My aunt was a teacher at the Kettleborough schoolhouse, and just across the street from that school, in the triangle made by the town’s three roads intersecting, sat the Kettleborough Memorial Library. It was small. But it was also wonderful, made of brick, the south side a wall of buttresses and stained glass. Through that glass the sun shone in singular strands. The rest of the library was dark and musty, like an old stone castle, so those rays of colored light were striking. Signe, who loved nothing more than to stand in the sun with her eyes closed, used to enter the library, run her eyes over the small place, then walk with purpose to the book upon which the light directly fell. In this way she would decide what next to read.
“They never led to anything, those books,” Signe said once, when I was grown. It wasn’t until then that I understood that she had been on a search.

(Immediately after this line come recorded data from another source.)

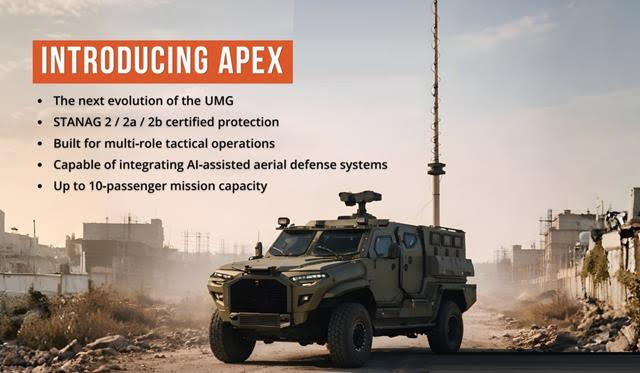 Developed with flexible mission configurations, the APEX can be equipped with optional systems including roof hatches, turrets, surveillance equipment, and specialized operational systems, allowing organizations to tailor the vehicle to their specific mission requirements.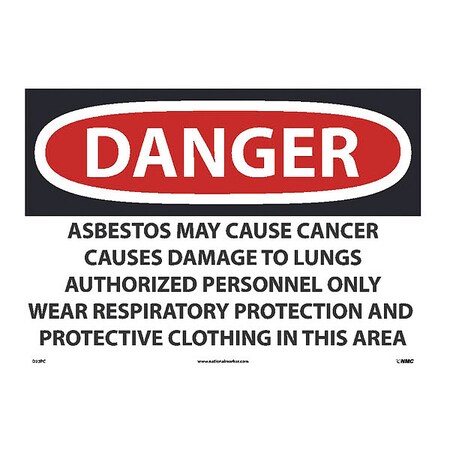 NMC D23PC National Marker Danger Asbestos Sign - May Cause Cancer Causes Only Wear Respiratory Protection, 14 Inches x 20Inches, Ps Vinyl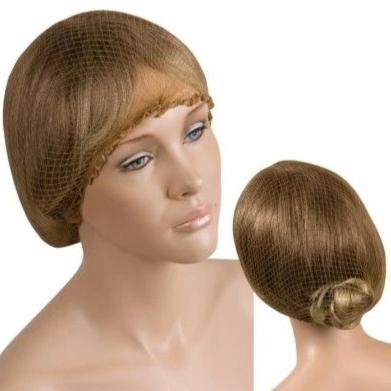 Gorro de noche sin cinta de color castaño claro. Su red es resistente y es ideal para mantener el peinado intacto durante la noche.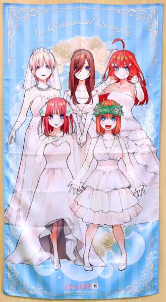 ウエディング姿の五つ子たちが描かれたクロスです。正確なサイズは今のところ不明ですが、値段が高いのでそれなりに大きいと思います。部屋に飾ったりと、いろいろ使い道はあると思います。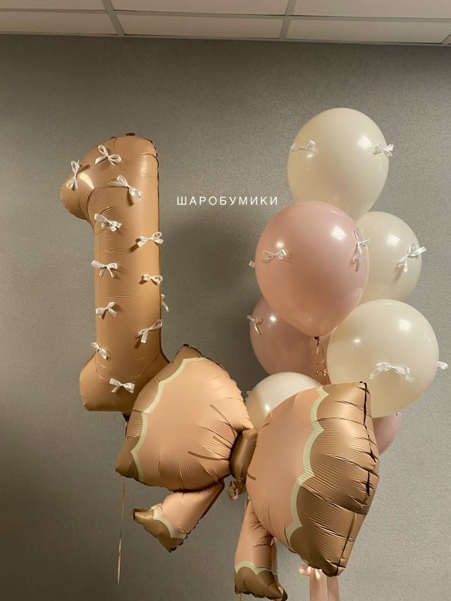 Композиция из одной фольгированной цифры в бантиках, фольгированного бантика и 10 шаров в оттенке пастель с бантиками. Цвет и оформление выбирается индивидуально.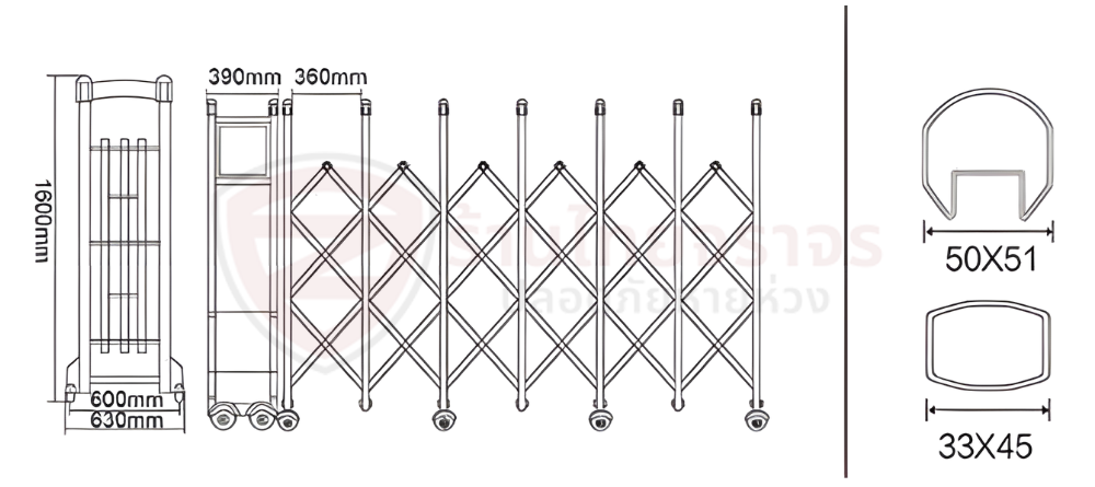 - โครงสร้างไขว้ (Cross Material) : 45×33 มม. หนา 0.6 มม. เสริมความมั่นคง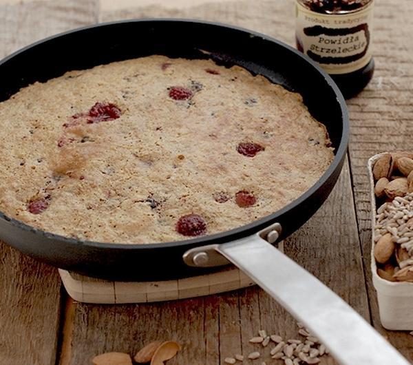 spodu.Następnie wstawić patelnię do piekarnika, nagrzanego do 180 stopni i piec, aż jego góra zacznie się rumienić.Podawać ciepły, np. z powidłami śliwkowymi lub polany

After school, Signe would cross the street to that library to visit the librarian. I didn’t know the depth of their friendship, but it was clear to me that the librarian was my aunt’s only friend in the area. It was a love of fashion that initially drew the two women together. Both were expert seamstresses, and their drooped necklines and high, fitted waistbands made them stand out in our small town. Though my aunt preferred muted tones, the librarian draped herself in vibrant colors, which certainly matched her personality. She was a joyful, unabashed woman whose husband stayed home to raise the children.
Not long after I asked Signe if she loved Hjalmar, the librarian gave my aunt a book. Signe came to my room with it in her hand. I was fourteen, and not a prude in matters of love. I don’t know how Signe saw this, yet she was right; I had kissed and been groped by a few boys, and it was not something I felt any shame about. In fact, I enjoyed meeting boys in the dark of the boathouses that lined the lake. “This is my duty,” Signe said, and sat at the edge of my bed. Nervousness had splotched her neck. After placing the book on my lap, she stood. Her straight back faced me. Her head was tilted slightly upward, so that her long rope of sandy hair reached her hips. Her hands, hanging awkwardly at her sides, continuously clenched and released. It wasn’t the sort of motion my aunt typically made. She was a sure, firm woman.
“I know nothing of the subject,” she finally said. “I have no experience with it.” She kept pushing to make her meaning clear, though it certainly was to me. “None at all,” she said. “But I do not wish such a fate upon you.” When she left my room, Signe shut the door behind her. To shut a bedroom door was an action never taken in our small world.